For the material below, return exactly the lines starting at the one holding "Test results for" and ending at the one holding "sambas.kpu.go.id - Sambas, KPU", counting both as part of the range.

EXCERPTED RECORDS:
####

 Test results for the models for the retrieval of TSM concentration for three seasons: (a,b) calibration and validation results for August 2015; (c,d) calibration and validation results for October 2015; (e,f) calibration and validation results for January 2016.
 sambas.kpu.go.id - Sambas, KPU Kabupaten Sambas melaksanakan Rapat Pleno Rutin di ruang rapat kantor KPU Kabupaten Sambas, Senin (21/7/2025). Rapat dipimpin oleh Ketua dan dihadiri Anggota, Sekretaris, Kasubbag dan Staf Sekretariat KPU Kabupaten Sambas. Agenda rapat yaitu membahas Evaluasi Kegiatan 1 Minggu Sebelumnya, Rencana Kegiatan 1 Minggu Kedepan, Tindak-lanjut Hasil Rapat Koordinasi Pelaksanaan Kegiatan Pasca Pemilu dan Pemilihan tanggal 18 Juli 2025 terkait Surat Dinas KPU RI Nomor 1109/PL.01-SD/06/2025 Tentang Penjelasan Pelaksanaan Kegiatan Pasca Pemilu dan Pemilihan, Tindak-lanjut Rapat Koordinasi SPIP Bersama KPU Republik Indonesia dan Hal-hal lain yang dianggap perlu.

####

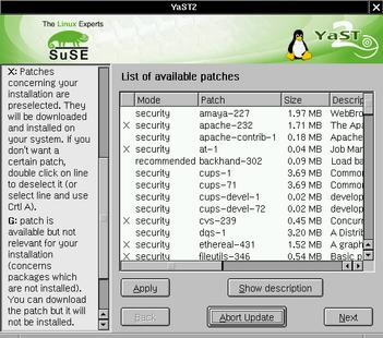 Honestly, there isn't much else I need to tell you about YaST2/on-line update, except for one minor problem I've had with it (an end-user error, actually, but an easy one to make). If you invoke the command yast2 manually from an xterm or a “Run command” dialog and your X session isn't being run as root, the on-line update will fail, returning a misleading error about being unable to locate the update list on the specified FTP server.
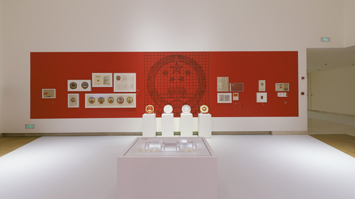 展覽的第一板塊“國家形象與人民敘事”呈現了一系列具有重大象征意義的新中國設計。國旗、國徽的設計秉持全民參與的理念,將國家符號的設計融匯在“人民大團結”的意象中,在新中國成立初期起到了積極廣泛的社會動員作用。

####

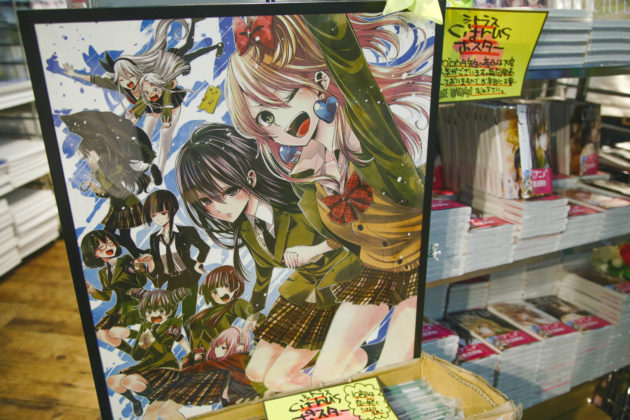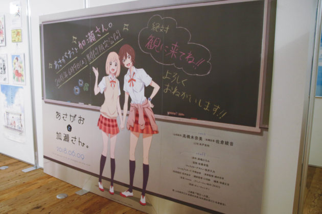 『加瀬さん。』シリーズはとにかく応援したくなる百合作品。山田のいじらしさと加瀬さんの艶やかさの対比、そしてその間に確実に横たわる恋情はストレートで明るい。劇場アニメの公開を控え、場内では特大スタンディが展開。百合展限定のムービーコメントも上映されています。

####

RESPONSE TO THE TASK:
 Test results for the models for the retrieval of TSM concentration for three seasons: (a,b) calibration and validation results for August 2015; (c,d) calibration and validation results for October 2015; (e,f) calibration and validation results for January 2016.
 sambas.kpu.go.id - Sambas, KPU Kabupaten Sambas melaksanakan Rapat Pleno Rutin di ruang rapat kantor KPU Kabupaten Sambas, Senin (21/7/2025). Rapat dipimpin oleh Ketua dan dihadiri Anggota, Sekretaris, Kasubbag dan Staf Sekretariat KPU Kabupaten Sambas. Agenda rapat yaitu membahas Evaluasi Kegiatan 1 Minggu Sebelumnya, Rencana Kegiatan 1 Minggu Kedepan, Tindak-lanjut Hasil Rapat Koordinasi Pelaksanaan Kegiatan Pasca Pemilu dan Pemilihan tanggal 18 Juli 2025 terkait Surat Dinas KPU RI Nomor 1109/PL.01-SD/06/2025 Tentang Penjelasan Pelaksanaan Kegiatan Pasca Pemilu dan Pemilihan, Tindak-lanjut Rapat Koordinasi SPIP Bersama KPU Republik Indonesia dan Hal-hal lain yang dianggap perlu.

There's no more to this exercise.